> [TRY IT] What is wanted is every line below from the one with "Bonjour Je vend" up to and including the one with "- Device: Per", retyped exactly, pictures excluded, nothing else.

+ + + +

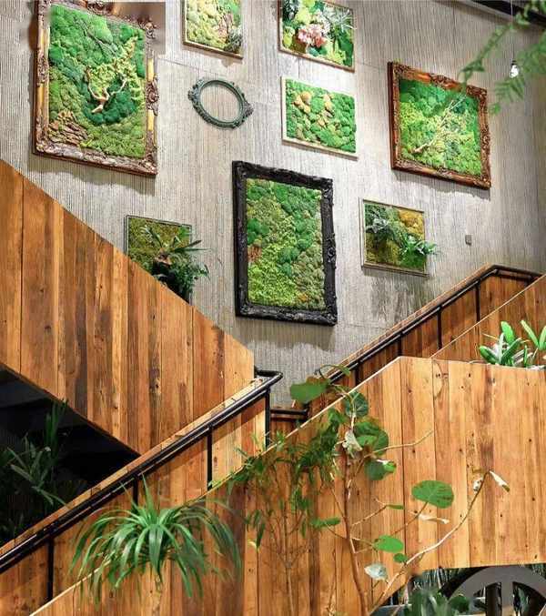 歐式雙向Y字樓梯,背靠一整面鮮活苔蘚相框墻,妥妥的出片打卡點,仿佛穿越到歐式宮廷中!
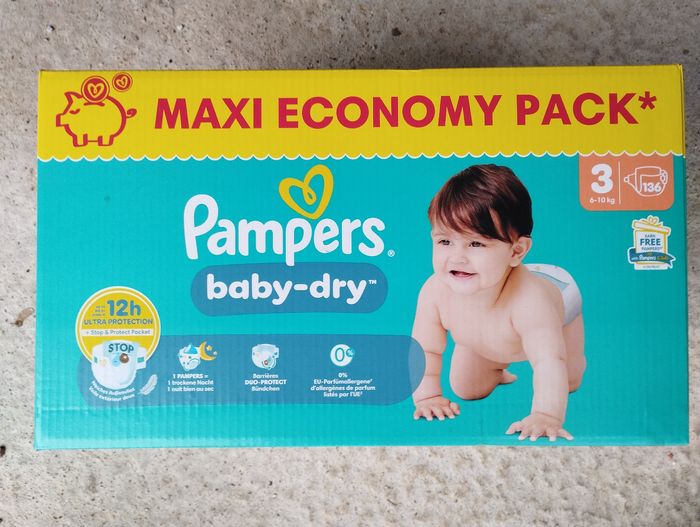 Bonjour Je vend ce paquet de couches pampers baby dry taille 3. D'autres paquets de taille et type différents sont disponibles. Possibilité de vendre plusieurs paquets à la fois.
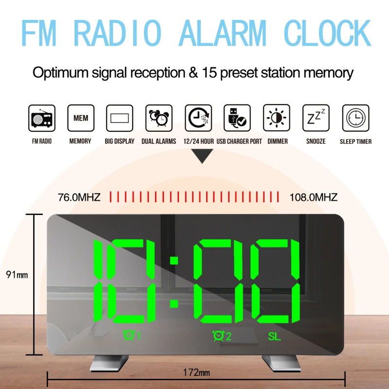 Горячая Распродажа светодиодный цифровые часы-будильник 6 дюймов Творческий Повтор электронные часы зарядка через USB FM радио Будильник Поддержка двойные сигналы
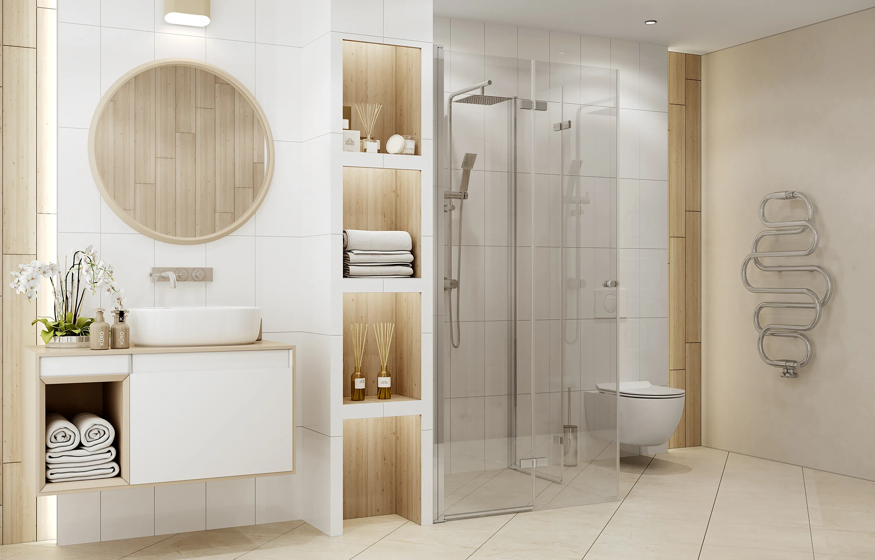 Распашные двери с цилиндрическим механизмом обеспечивают плотное прилегание всех компонентов ограждения. После принятия душа вода, как правило, стекает вовнутрь душевого пространства и кафель остается сухим, что исключает возможность поскользнуться, а также необходимость производить последующую уборку ванной комнаты.
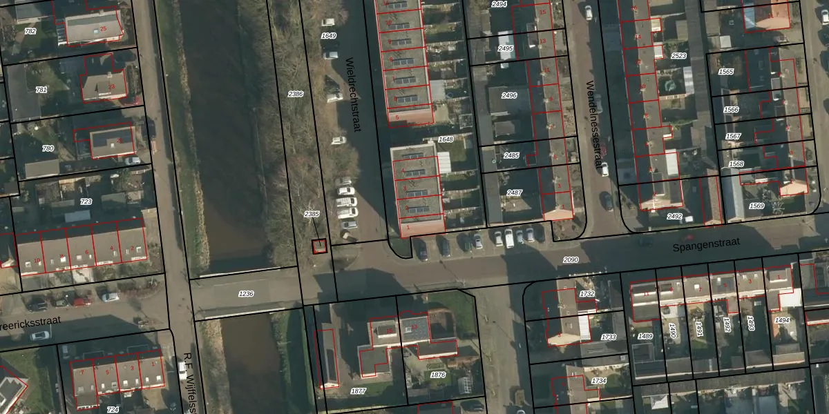 Wieldrechtstraat 2 is gelegen op kadastraal perceel WPK01G1648. Deze kadastrale aanduiding is uniek en wordt gebruikt door het Kadaster om eigendomsrechten en andere zakelijke rechten vast te leggen. Het perceel maakt onderdeel uit van de kadastrale gemeente Waspik.
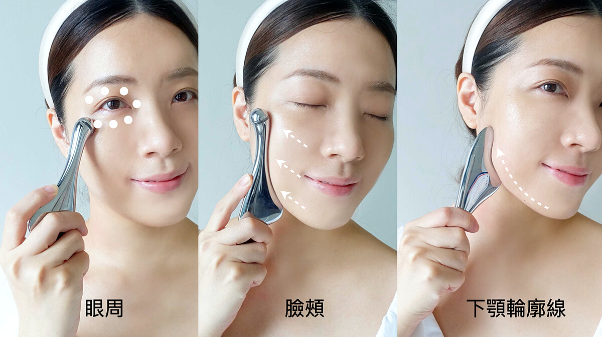 專為細緻眼周肌膚設計的360°圓點,用點壓+拉提方式,加強眼周血液循環,立即舒緩疲累感,熬夜的熊貓泡泡眼也速速消除。除此之外,加碼按摩法令紋及唇周,擊退各種老化紋路!
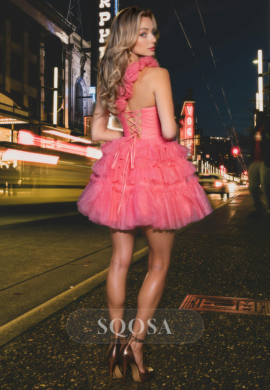 Unique Halter V Neck Lace Appliques Pink Homecoming Dress Short Graduation Dress
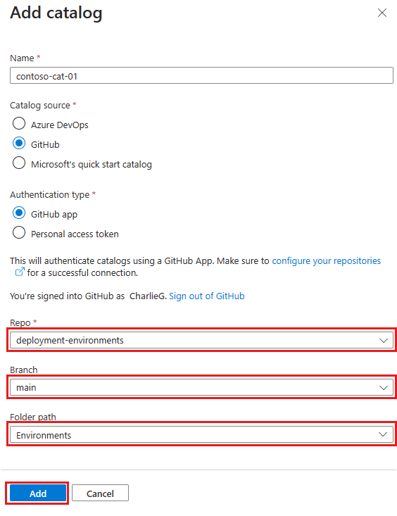 In Add catalog, enter the following information, and then select Add:
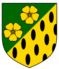 - Device: Per bend sinister vert and Or semy of cartouches sable, in bend sinister two roses Or.
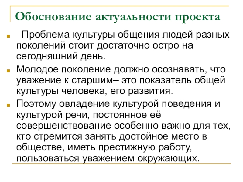 Поэтому овладение культурой поведения и культурой речи, постоянное её совершенствование особенно важно для тех, кто стремится занять достойное место в обществе, иметь престижную работу, пользоваться уважением окружающих.
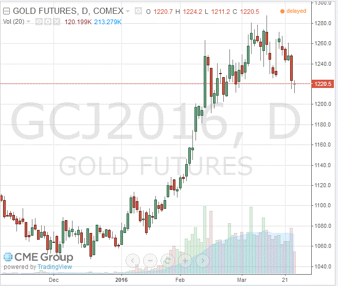Стоимость апрельского фьючерса на золото на COMEX сегодня упала до $1220,50 за унцию.

+ + + +

> [EXERCISE RESPONSE]
 Bonjour Je vend ce paquet de couches pampers baby dry taille 3. D'autres paquets de taille et type différents sont disponibles. Possibilité de vendre plusieurs paquets à la fois.
 Горячая Распродажа светодиодный цифровые часы-будильник 6 дюймов Творческий Повтор электронные часы зарядка через USB FM радио Будильник Поддержка двойные сигналы
 Распашные двери с цилиндрическим механизмом обеспечивают плотное прилегание всех компонентов ограждения. После принятия душа вода, как правило, стекает вовнутрь душевого пространства и кафель остается сухим, что исключает возможность поскользнуться, а также необходимость производить последующую уборку ванной комнаты.
 Wieldrechtstraat 2 is gelegen op kadastraal perceel WPK01G1648. Deze kadastrale aanduiding is uniek en wordt gebruikt door het Kadaster om eigendomsrechten en andere zakelijke rechten vast te leggen. Het perceel maakt onderdeel uit van de kadastrale gemeente Waspik.
 專為細緻眼周肌膚設計的360°圓點,用點壓+拉提方式,加強眼周血液循環,立即舒緩疲累感,熬夜的熊貓泡泡眼也速速消除。除此之外,加碼按摩法令紋及唇周,擊退各種老化紋路!
 Unique Halter V Neck Lace Appliques Pink Homecoming Dress Short Graduation Dress
 In Add catalog, enter the following information, and then select Add:
 - Device: Per bend sinister vert and Or semy of cartouches sable, in bend sinister two roses Or.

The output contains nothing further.